Task
This exercise asks for the entries to be repeated exactly, without their images.

Input
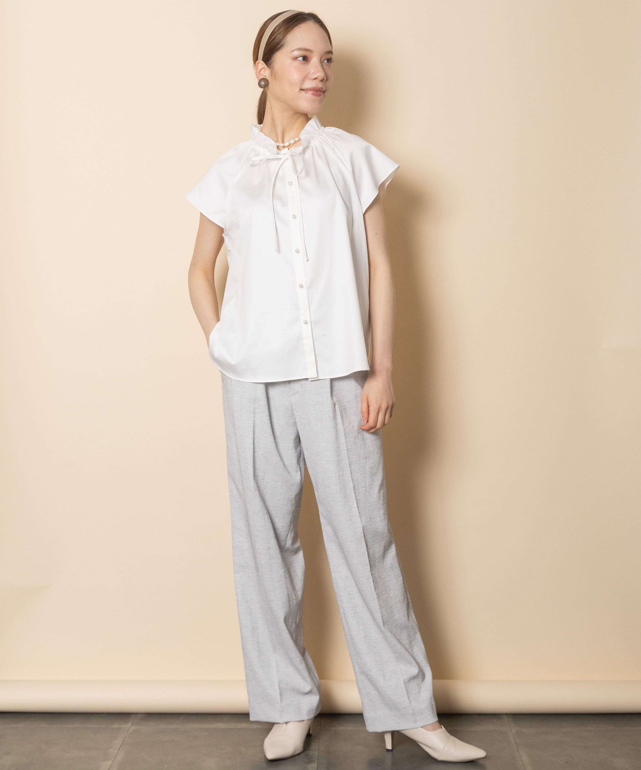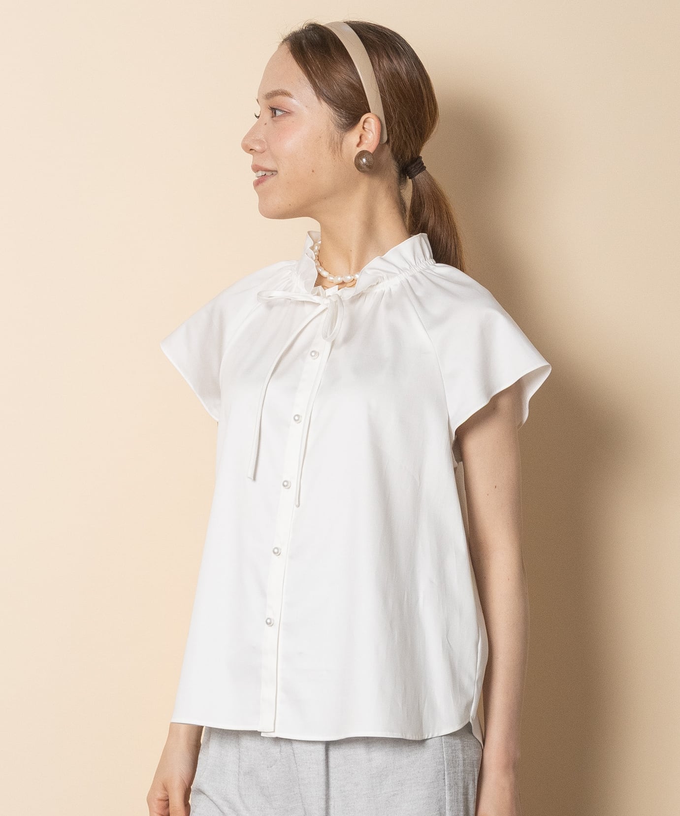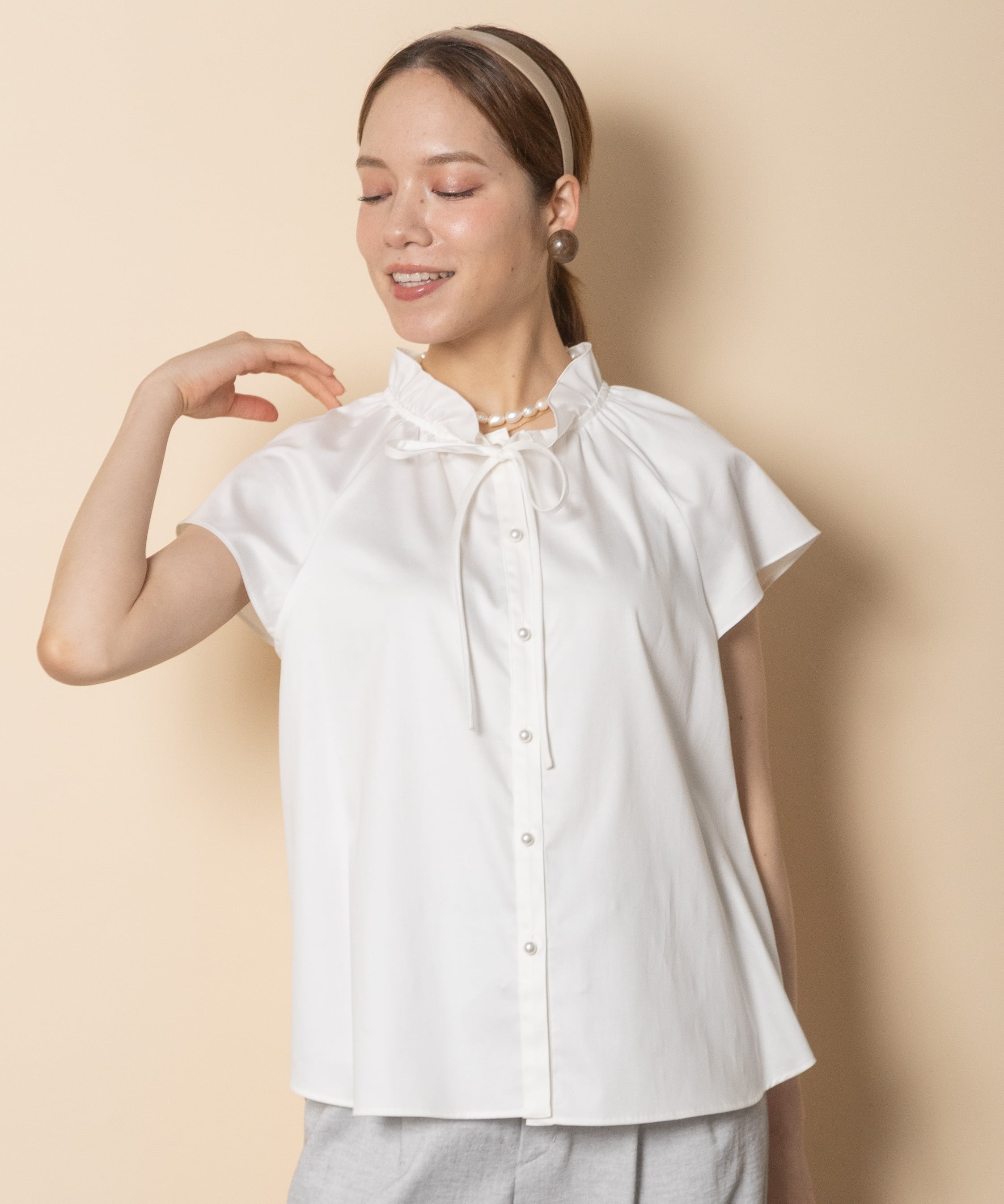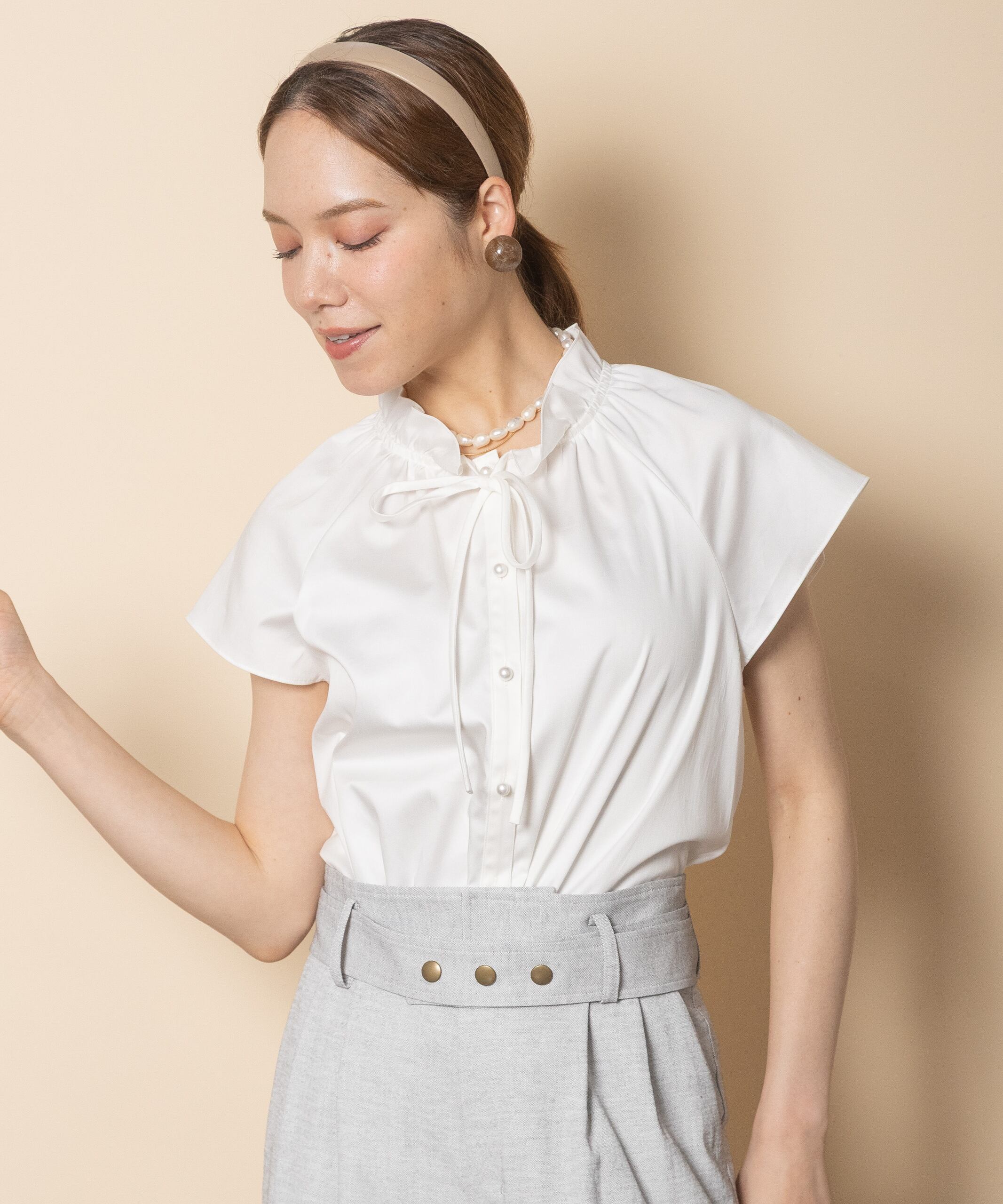 フェミニン派の定番フリルリボンのブラウス。パールボタンにフレンチ袖と可愛らしさのあるフェミニンな雰囲気のデザイン。程よく肩をカバーしてくれるフレンチ袖で上品な印象のアイテムです。ジャケットインナーとしてもおすすめ。
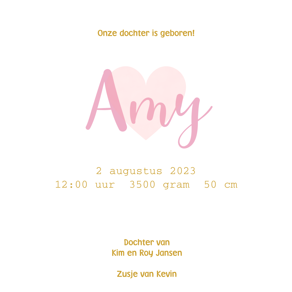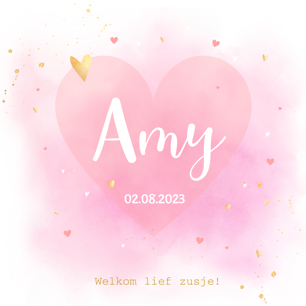 Een lief en hip babykaartje in prachtige roze tinten. Echt voor een meisje! Teksten en lettertypes kun je zelf aanpassen. De kleine hartjes in goudlook en wit met subtiel wat spettertjes maken hem helemaal af.
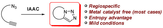 - John, J.; Thomas, J.; Dehaen, W. Organocatalytic Routes toward Substituted 1,2,3-Triazoles. Chem. Commun. 2015, 51, 10797–10806. [Google Scholar] [CrossRef]
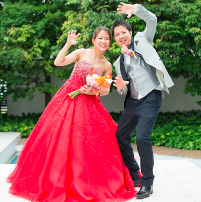パキッとしたお色味が印象的なレッドカラーのドレスは
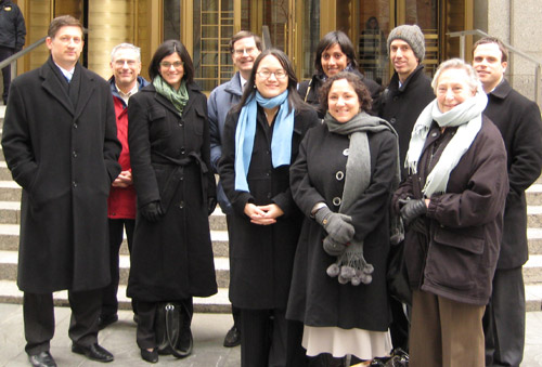 Plaintiffs, experts, and the ACLU and PUBPAT legal team outside the courthouse. Back row, from left to right: Dan Ravicher, PUBPAT; Robert Nussbaum, University of California, San Francisco; Tania Simoncelli, ACLU; Chris Hansen, ACLU; Sabrina Hassan, PUBPAT; Aden Fine, ACLU; Chris Mason, Cornell. Front row, from left to right: Sandra Park, ACLU; Lenora Lapidus, ACLU; Elsa Reich, NYU

Task output
 フェミニン派の定番フリルリボンのブラウス。パールボタンにフレンチ袖と可愛らしさのあるフェミニンな雰囲気のデザイン。程よく肩をカバーしてくれるフレンチ袖で上品な印象のアイテムです。ジャケットインナーとしてもおすすめ。
 Een lief en hip babykaartje in prachtige roze tinten. Echt voor een meisje! Teksten en lettertypes kun je zelf aanpassen. De kleine hartjes in goudlook en wit met subtiel wat spettertjes maken hem helemaal af.
 - John, J.; Thomas, J.; Dehaen, W. Organocatalytic Routes toward Substituted 1,2,3-Triazoles. Chem. Commun. 2015, 51, 10797–10806. [Google Scholar] [CrossRef]
パキッとしたお色味が印象的なレッドカラーのドレスは
 Plaintiffs, experts, and the ACLU and PUBPAT legal team outside the courthouse. Back row, from left to right: Dan Ravicher, PUBPAT; Robert Nussbaum, University of California, San Francisco; Tania Simoncelli, ACLU; Chris Hansen, ACLU; Sabrina Hassan, PUBPAT; Aden Fine, ACLU; Chris Mason, Cornell. Front row, from left to right: Sandra Park, ACLU; Lenora Lapidus, ACLU; Elsa Reich, NYU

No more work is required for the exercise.